» Information shown:
▼

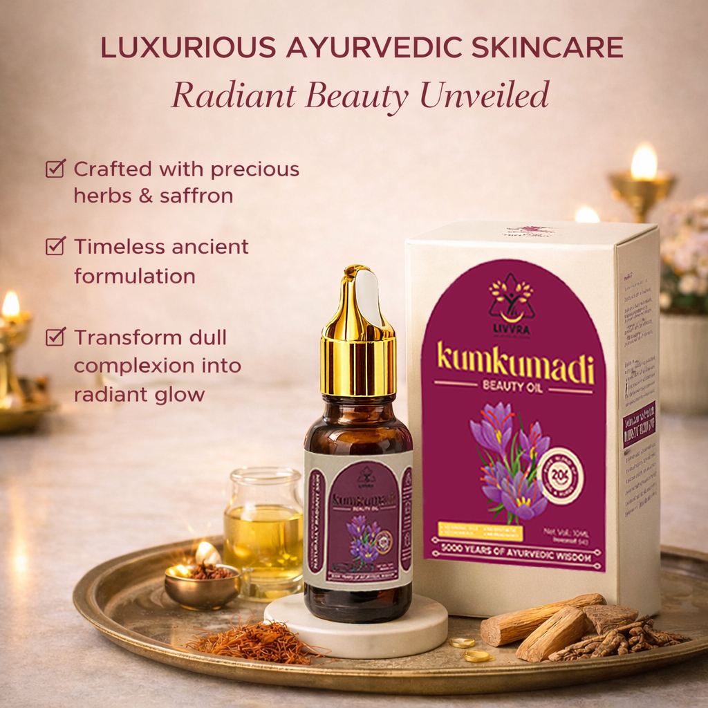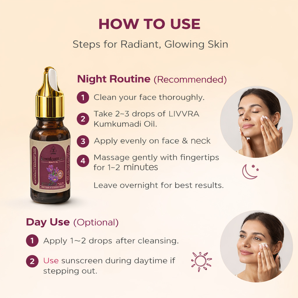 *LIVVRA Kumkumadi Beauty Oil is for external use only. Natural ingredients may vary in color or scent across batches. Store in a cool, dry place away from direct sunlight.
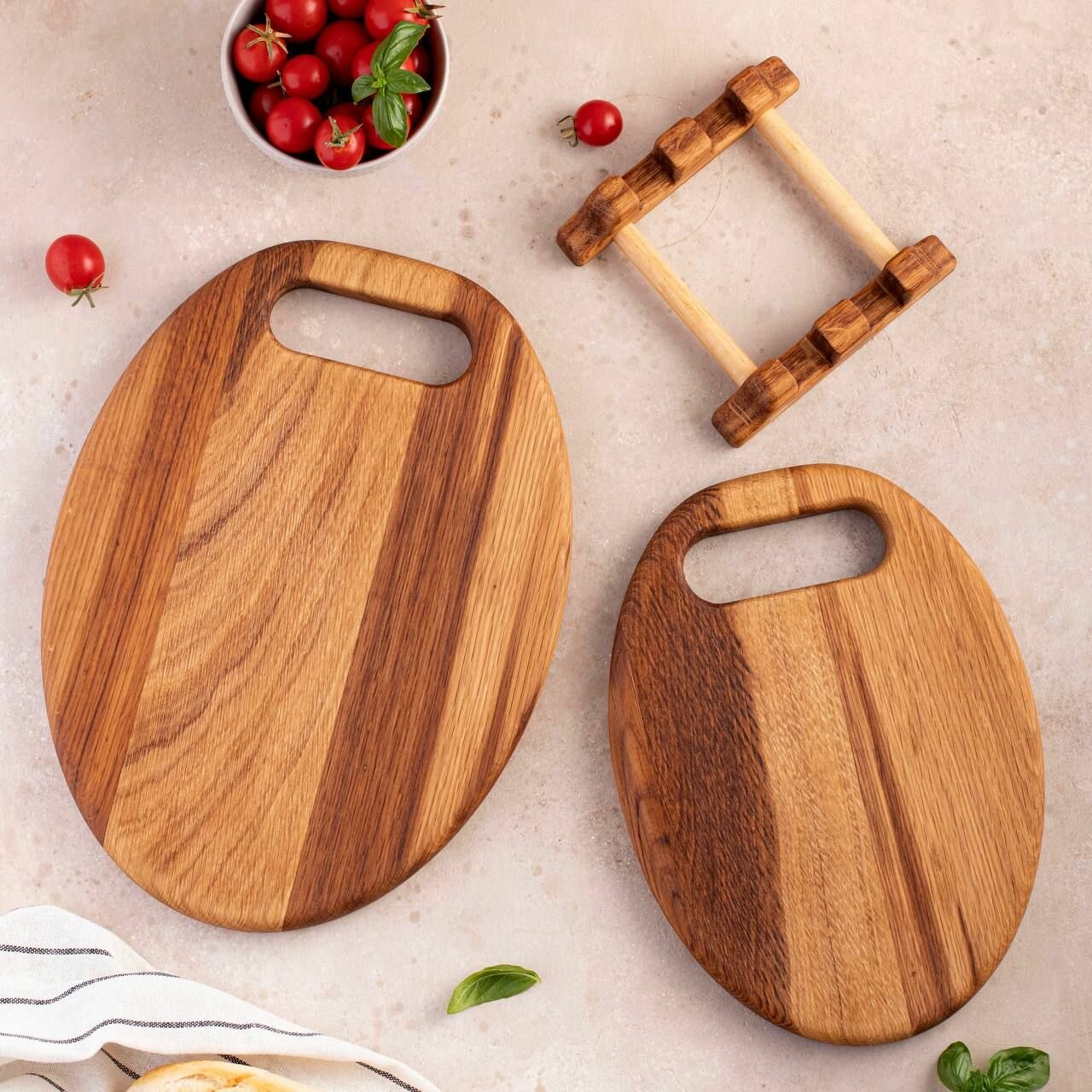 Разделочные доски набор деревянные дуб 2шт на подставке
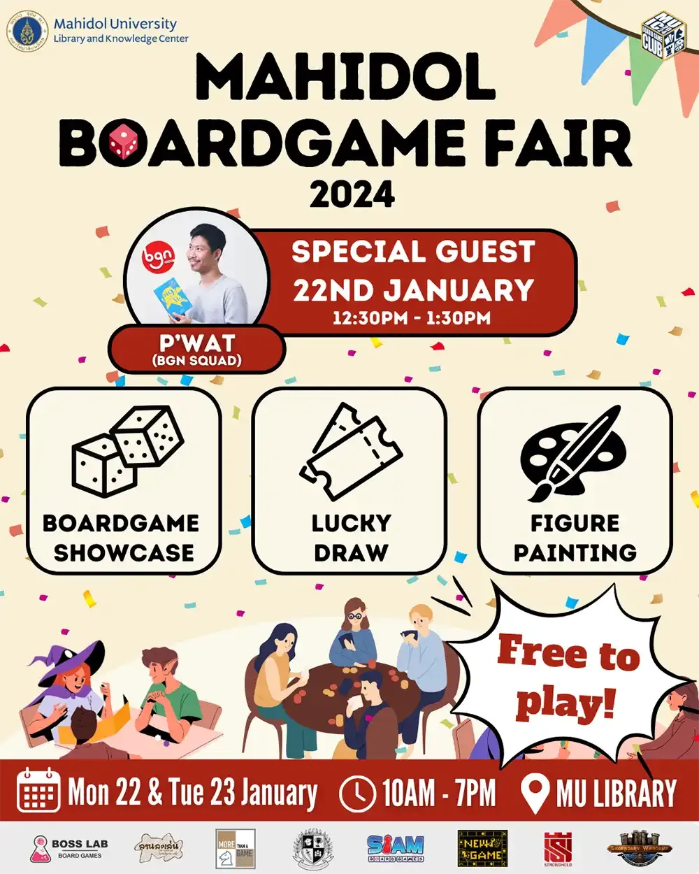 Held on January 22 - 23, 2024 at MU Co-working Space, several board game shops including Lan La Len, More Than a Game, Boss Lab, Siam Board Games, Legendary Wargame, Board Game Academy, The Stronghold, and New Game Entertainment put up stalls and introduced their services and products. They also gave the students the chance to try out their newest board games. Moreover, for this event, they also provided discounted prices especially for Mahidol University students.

▲

» How to complete this task:
Reproduce verbatim the lines of the material above, beginning with its first line and ending with the line that contains "Разделочные доски набор"; skip pictures.

» Solution to this task:
 *LIVVRA Kumkumadi Beauty Oil is for external use only. Natural ingredients may vary in color or scent across batches. Store in a cool, dry place away from direct sunlight.
 Разделочные доски набор деревянные дуб 2шт на подставке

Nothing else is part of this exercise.